As an example, Cruden installed a driver simulator merged with a dSPACE HIL set-up at the Ostfalia University of Applied Sciences in Germany, where students can integrate hardware into the driving simulator.
HIL set-ups, for testing sensors, controllers and actuators for example, often rely on synthetic or pre-recorded input signals that lack the typical closed loop behaviour of a human driver.
DIL simulators on the other hand include that interactive driver but may have imprecise models of the actual hardware, because specific components are either too complex to simulate in full detail or controllers have many unknowns, coming as black boxes from suppliers.
Cruden’s approach is to combine its Panthera simulator software with hardware interfacing capabilities of dSPACE hard real-time (HRT) systems and the open and real-time-capable dSPACE ASM (Automotive Simulation Models) simulation tool suite.
The Panthera ePhyse HRT toolbox includes a Simulink block set optimised for use on the dSPACE system. It is an integrated solution to set-up IO between the dSPACE platform and the simulator environment.
Martijn de Mooij, technical development manager at Cruden, writes:
“We have worked hard on the usability of this system. We haven’t proverbially duct-taped the motion system to the dSPACE box, we have ensured seamless integration throughout the entire system. Before, companies would have to buy a simulator and then buy an off- the-shelf dSPACE system and integrate the two themselves.

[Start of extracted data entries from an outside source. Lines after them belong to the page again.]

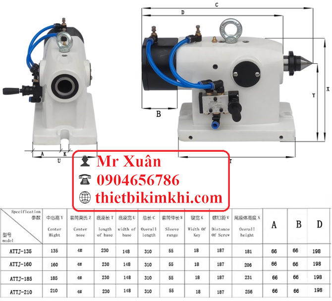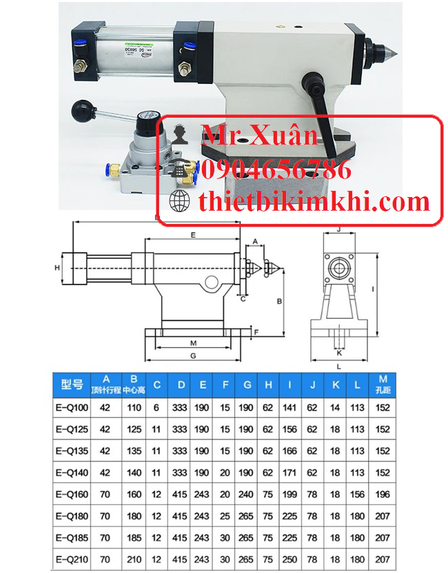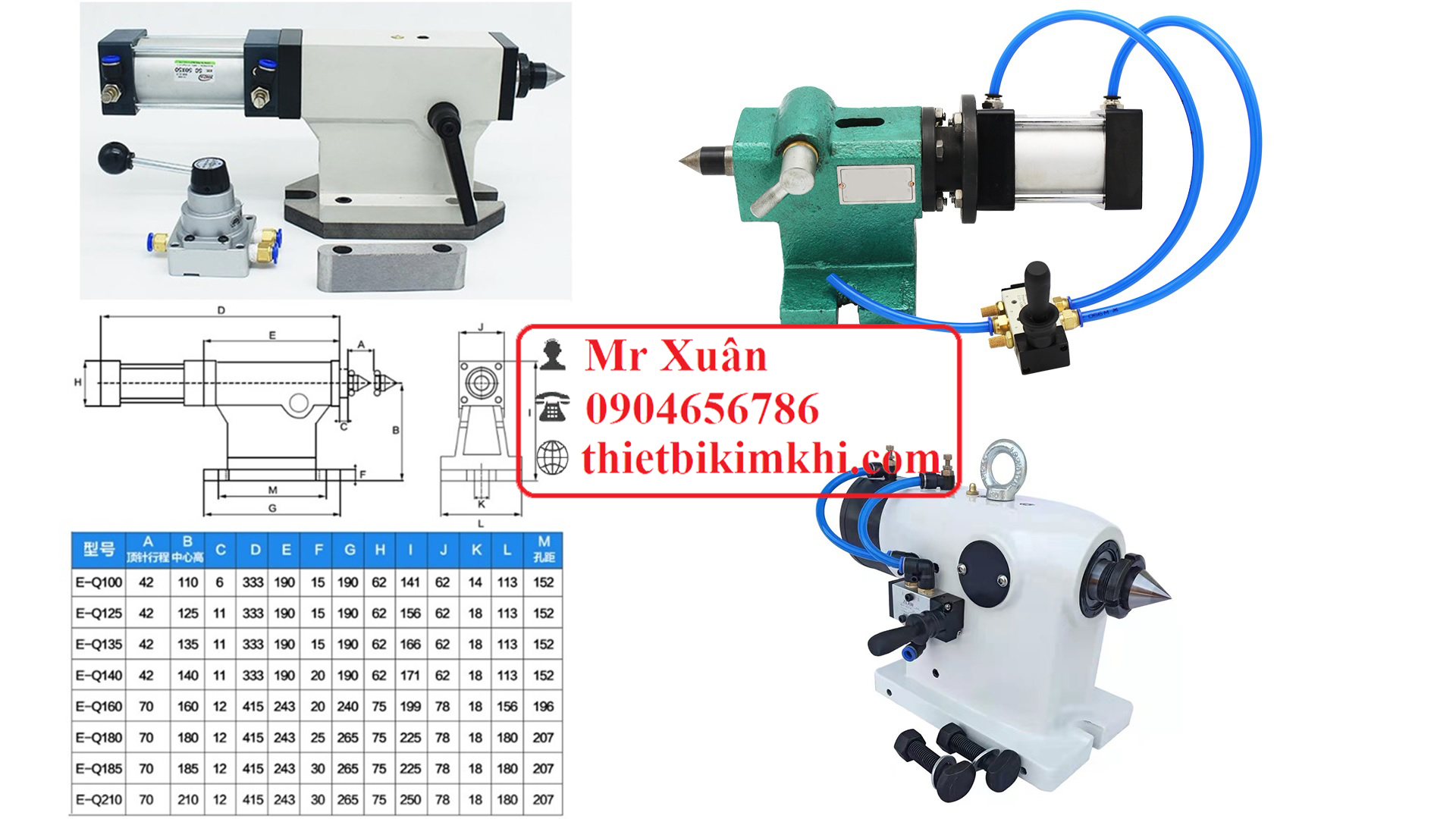 - Ụ động khí nén Đài Loan là loại ụ động có độ chính xác cao, có chiều cao tâm 135mm, 160mm, 185mm, 210mm với côn số 4
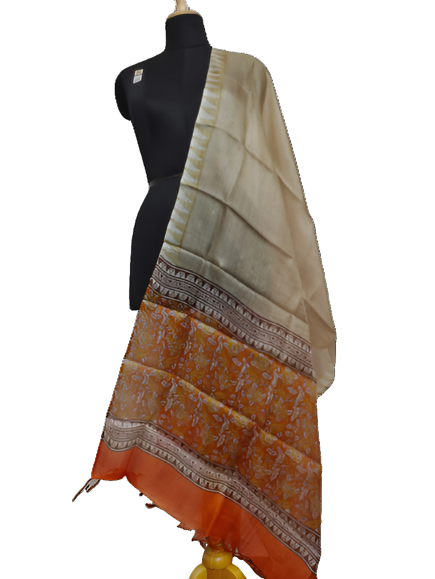 Tussar silk hand block print Dupatta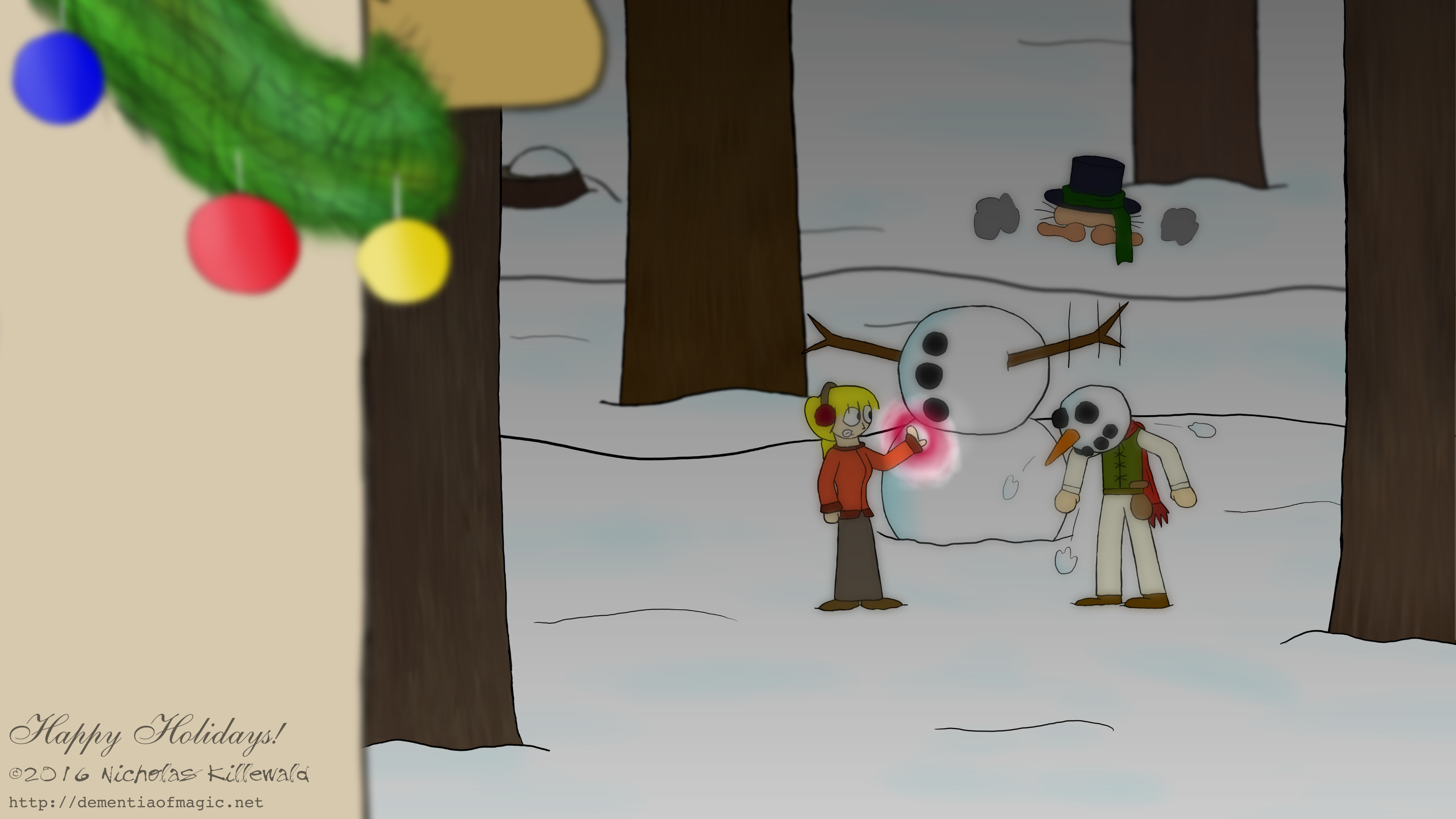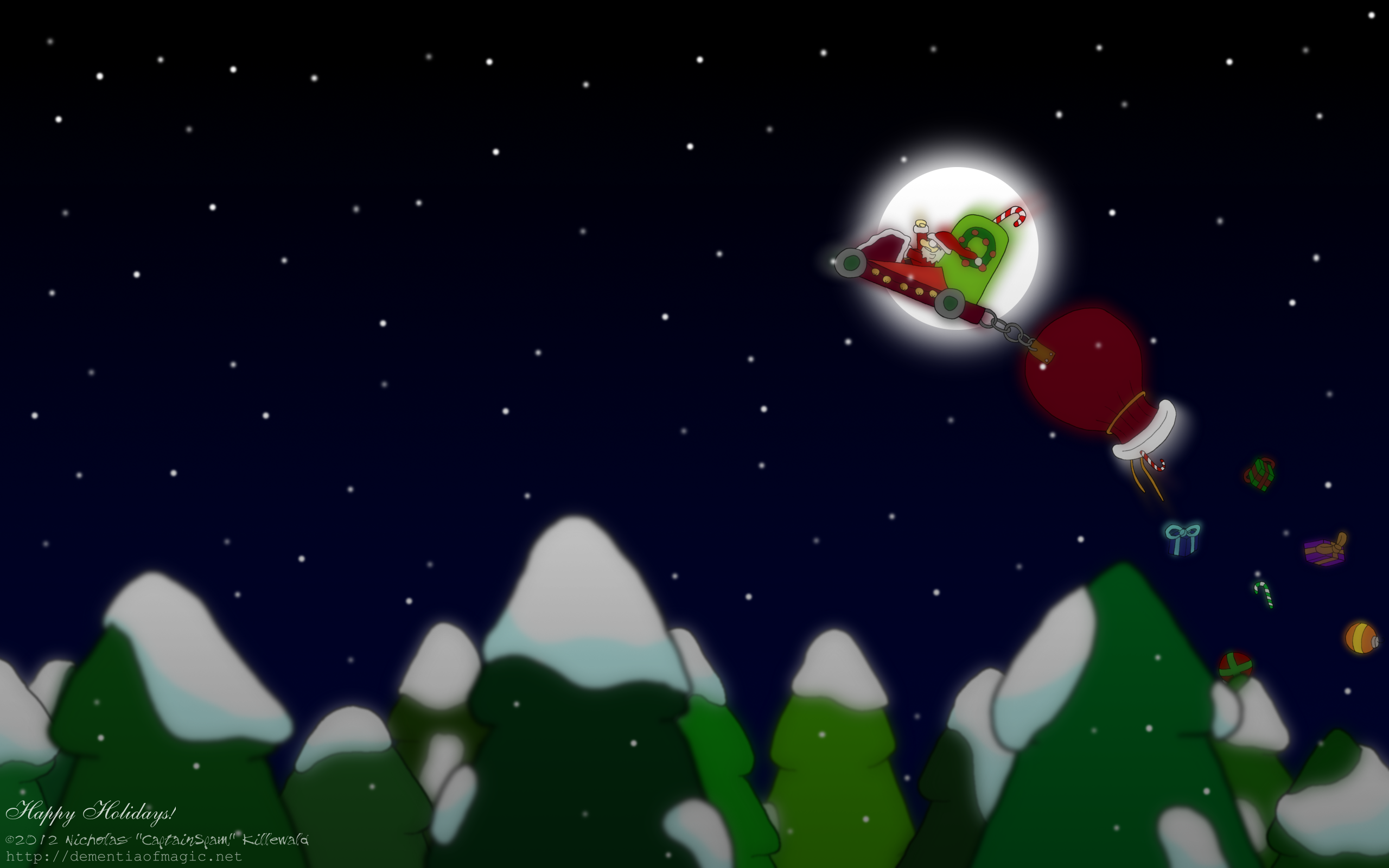 It's been another four years, hasn't it? Well, why not celebrate the holidays with our favorite jolly old dwarf, Cesol, as he rides his steam cart through the night sky, haphazardly distributing holiday cheer to... oh... let's say the people who live under his flight path. Hopefully. Happy holidays! Here's hoping it won't be another four years until the next one!

We’ve done all that hard work for them, to provide a complete functional set-up that works out straight of the box.”
The only hardware change required is the replacement of the conventional Windows-based computer (which sends output to the motion, audio and visual systems) in the soft real-time (SRT) set-up with a dSPACE system.
The package is also able to integrate peripheral hardware, such as instruments or other HMI equipment, over standard available interfaces like CAN.